Numeri grandissimi...con la popolazione europea!

Ecco un'attività semplicissima e qualche materiale per la classe quinta, da realizzare in una lezione (2 ore circa), per lavorare sui grandi numeri.


Dopo aver introdotto, anche utilizzando e "allungando" l'abaco, l'uso delle classi dei Milioni e dei Miliardi, ho proposto questa attività, che fa utilizzo dei dati relativi alla popolazione dei Paesi dell'Unione Europea per alcuni esercizi, uno più meccanico ed altri relativi all'interpretazione dei calcoli.

Prima di tutto ho fornito ai bambini questa scheda nella quale ho raccolto i dati (reperiti in internet) relativi alla popolazione dei Paesi dell'Unione Europea, nella quale viene riportato il nome del Paese, la relativa bandiera e il numero di abitanti (aggiornato al 2016).


Come primo esercizio, volevo che i bambini imparassero a leggere i numeri riportati con sicurezza, per cui, uno ciascuno, ho chiesto di effettuare la lettura e di trascrivere in parola, nello spazio accanto predisposto, il numero.
Poiché l'esercizio era piuttosto noioso e ripetitivo, ma il mio obiettivo era unicamente quello di verificare che riuscissero a leggere correttamente il numero, ho suggerito di scrivere in versione abbreviata i numeri in parola, ovvero, invece che "due milioni seicentocinquantamilaottocentoventidue" (scrittura piuttosto lunga e complessa), ho preferito che scrivessero "2 milioni 650 mila 822". E' stato un modo per alleggerire l'esercizio, ma nello stesso tempo abituarli alla lettura corretta.


Abbiamo infine ordinato gli Stati in base alla popolazione da quello più popolato a quello meno popolato.



Dopo questo lavoro piuttosto noioso e ripetitivo, siamo passati ad effettuare una riflessione più interessante ed approfondita relativa ai dati che potevamo ricavare dalla tabella.

Ad esempio, una curiosità che è nata spontanea nei bambini è stata quella di sapere il numero della popolazione totale dell'Unione Europea.
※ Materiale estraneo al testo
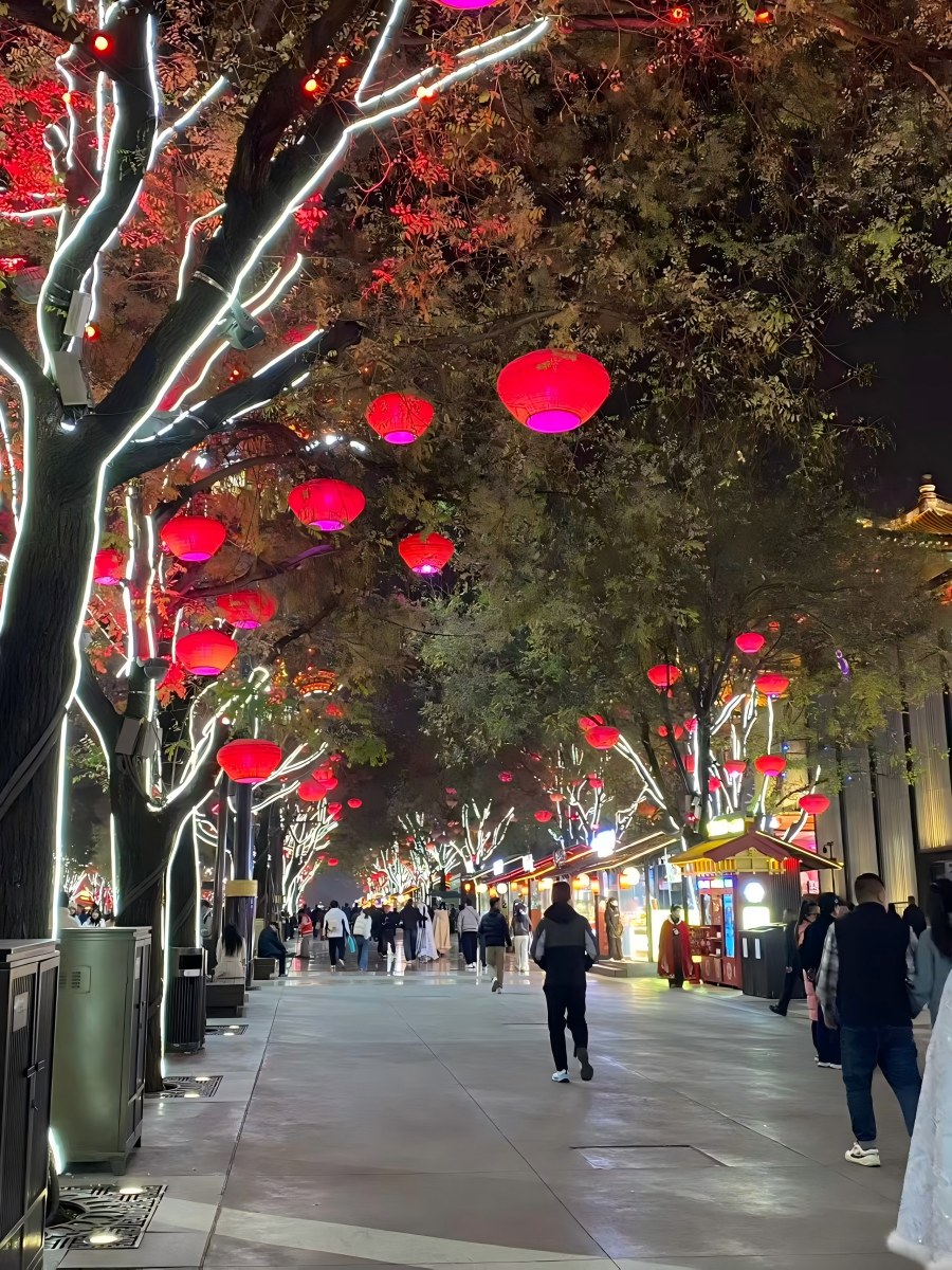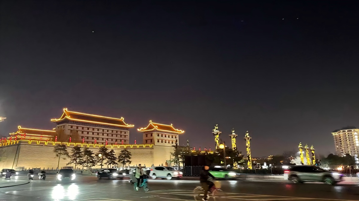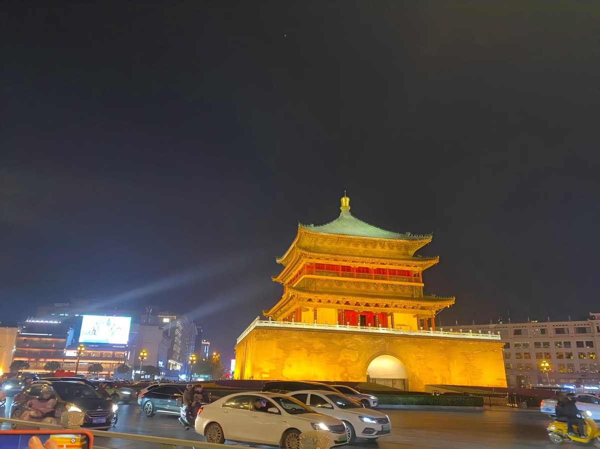 On December 7th, our family embarked on a road trip from Zhengzhou, driving along the expressway toward the ancient city of Xi'an. Arriving in the afternoon, we were immediately captivated by the city's timeless charm. As dusk fell, we visited the iconic Bell Tower, its illuminated structure casting a golden glow over the bustling square below. Surrounding the tower, groups of travelers dressed in Tang Dynasty costumes posed for photos, creating a vivid tableau of history meeting modernity. For dinner, we indulged in local specialties—lamb paomo (a hearty soup with shredded bread) and spicy marinated jelly noodles, savoring the bold flavors of Shaanxi cuisine.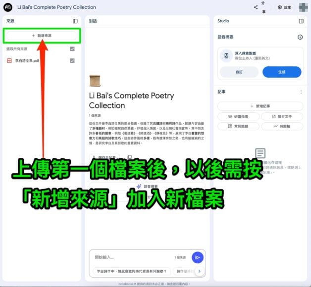 小編就先示範將《李白詩全集》PDF 檔案上傳至 NotebookLM。開啟你所需的檔案,將其拖曳至「上傳來源」虛線格仔後鬆手即可。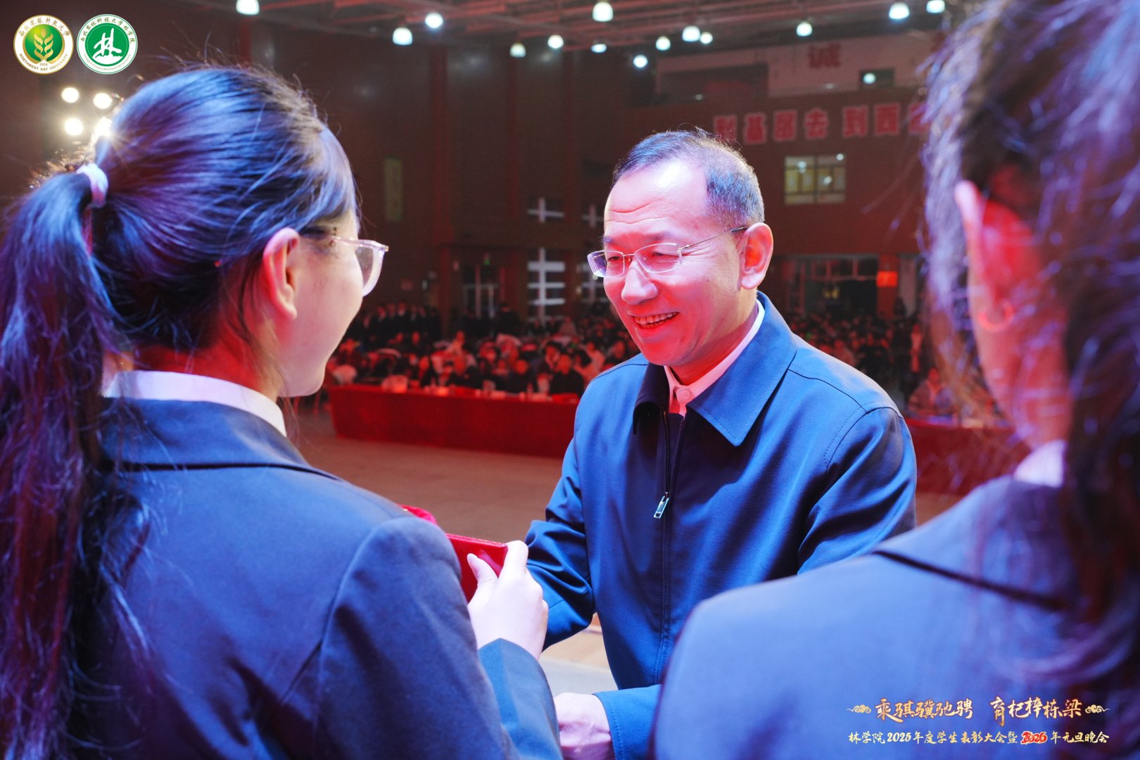 院长王利兵为“百名校园之星”“少数民族优秀学生”获奖学生代表颁奖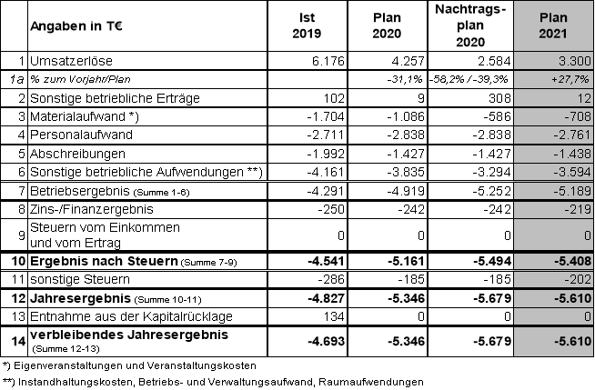 Die vorliegende Planung und mittelfristige Unternehmensvorschau berücksichtigt die geplante Sanierung der Stadthalle. Die Schließzeit ist planerisch ab dem zweiten Halbjahr 2021 berücksichtigt. Hierdurch reduzieren sich die Erträge im Jahr 2021 deutlich, in den Jahren 2022 bis 2024 sind keine Erträge geplant. Zudem sind durch den Fortbestand der Corona-Pandemie nur geringe Erträge berücksichtigt.

Insieme e con attenzione abbiamo svolto un calcolo mentale che ha appassionato soprattutto i più veloci, mentre altri compagni verificavano con la calcolatrice che il tutto fosse corretto.


Poi la curiosità è venuta spontanea: abbiamo utilizzato una cartina murale per esplorare le varie Nazioni, scoprire dove fossero collocate, trovare le capitali, osservare e notare i particolari delle bandiere, effettuare considerazioni sull'estensione degli Stati, sulle relazioni, ecc...
La curiosità è stata tale da proseguire nelle settimane successive: un gioco spontaneo molto gettonato durante gli intervalli era proprio posizionarsi di fronte alla carta geografica e cercare di individuare, il più in fretta possibile, una località dichiarata da un compagno, indicandola con il dito. 
Ma torniamo al nostro lavoro matematico...


Tornando ai dati, in una lettura della tabella i bambini hanno notato che alcune Nazioni avevano un numeri di abitanti più alto rispetto ad altri. Per poter visualizzare meglio questo aspetto ed effettuare le dovute riflessioni, abbiamo scelto di realizzare un "grafico" particolare, usando questa cartina "muta" dove venivano solamente esplicitati i nomi degli Stati dell'Unione Europea con le relative capitali (in inglese) e di colorare ciascuno stato con un colore in base alla popolazione. 
Abbiamo prima di tutto creato insieme una legenda con colori in sfumatura e poi abbiamo scelto i parametri in base ai quali suddividere gli stati (li riporto nell'immagine qui in basso)


E' stato come realizzare una di quelle carte tematiche che normalmente trovavano sui libri geografici o sul sussidiario. Per i bambini è stato molto motivante scoprirne la realizzazione.





Durante il lavoro di coloritura, per individuare gli stati, alcuni bambini hanno preferito tenere vicino l'atlante oppure la carta dell'Europa murale. 
Al termine della coloritura, abbiamo effettuato riflessioni rispetto al variare della popolazione in base allo Stato, alla sua estensione, alla sua localizzazione o ad altri fattori, cercando di interpretare i dati che ora erano diventati decisamente più chiari, visibili e comprensibili (d'altronde, a questo serve un grafico o una carta tematica!).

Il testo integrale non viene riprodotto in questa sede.